By 2020, there will be 5,200 GB of data for every person on Earth

By , Computerworld |  Storage

During the next eight years, the amount of digital data produced will exceed 40 zettabytes, which is the equivalent of 5,200 GB of data for every man, woman and child on Earth, according to an updated Digital Universe study released today.

To put it in perspective, 40 zettabytes is 40 trillion gigabytes -- estimated to be 57 times the amount of all the grains of sand on all the beaches on earth. To hit that figure, all data is expected to double every two years through 2020.

The majority of data between now and 2020 will not be produced by humans but by machines as they talk to each other over data networks. That would include, for example, machine sensors and smart devices communicating with other devices.

So far, however, only a tiny fraction of the data being produced has been explored for its value through the use of data analytics. IDC estimates that by 2020, as much as 33% of all data will contain information that might be valuable if analyzed.

The Digital universe explained

The digital universe includes everything from images and videos on mobile phones uploaded to YouTube to digital movies populating the pixels of high-definition TVs to transponders recording highway tolls. It also, naturally, includes more traditional corporate data, such as banking data swiped in an ATM, security footage at airports and major events such as the Olympic Games, as well as subatomic collisions recorded by the Large Hadron Collider at CERN.

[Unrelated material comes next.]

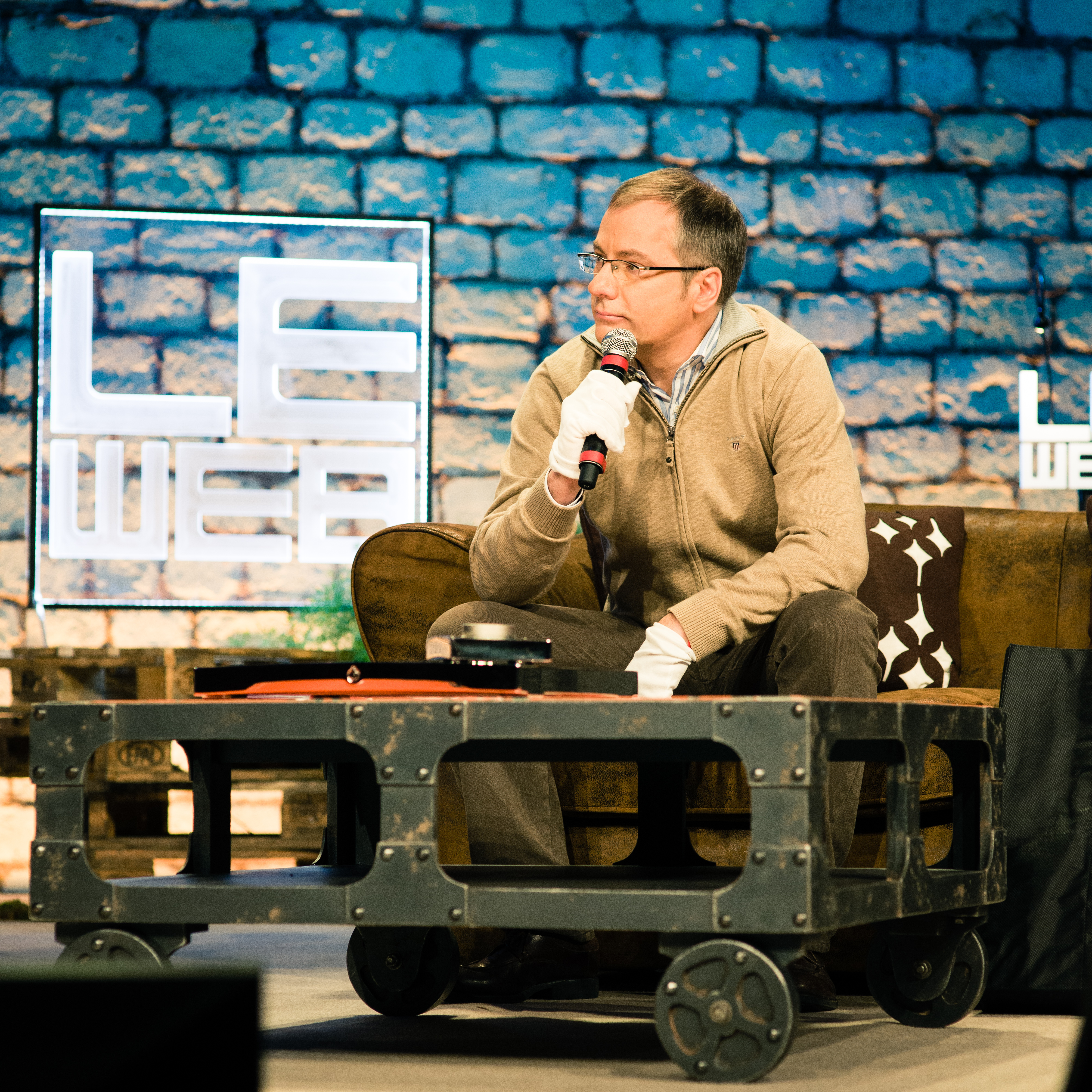 Photo for LeWeb2012 Conference, Paris

Using business intelligence to analyze data could reveal patterns in social media use, correlations in scientific data from discrete studies, medical information intersected with sociological data, as well as faces in security footage.

"Herein is the promise of 'Big Data' or MapReduce technology -- the extraction of value from the large untapped pools of data in the digital universe," IDC said in the study.

Additionally, data that would be mined has to be "tagged" with meta data to give it context. That would include, for example, adding a date stamp to video surveillance or geolocation information to smartphone photos or video --"basically, some data that puts context around the data we're creating," said Chuck Hollis, global marketing CTO at EMC.

"We're not only going to have to tag more of it, but we're going to have to tag it with better information over time if we want to extract data with value from it," he said.

That opens up a burgeoning career field for data scientists, who will be asked to extrapolate useable information from massive data stores such as consumer buying trends.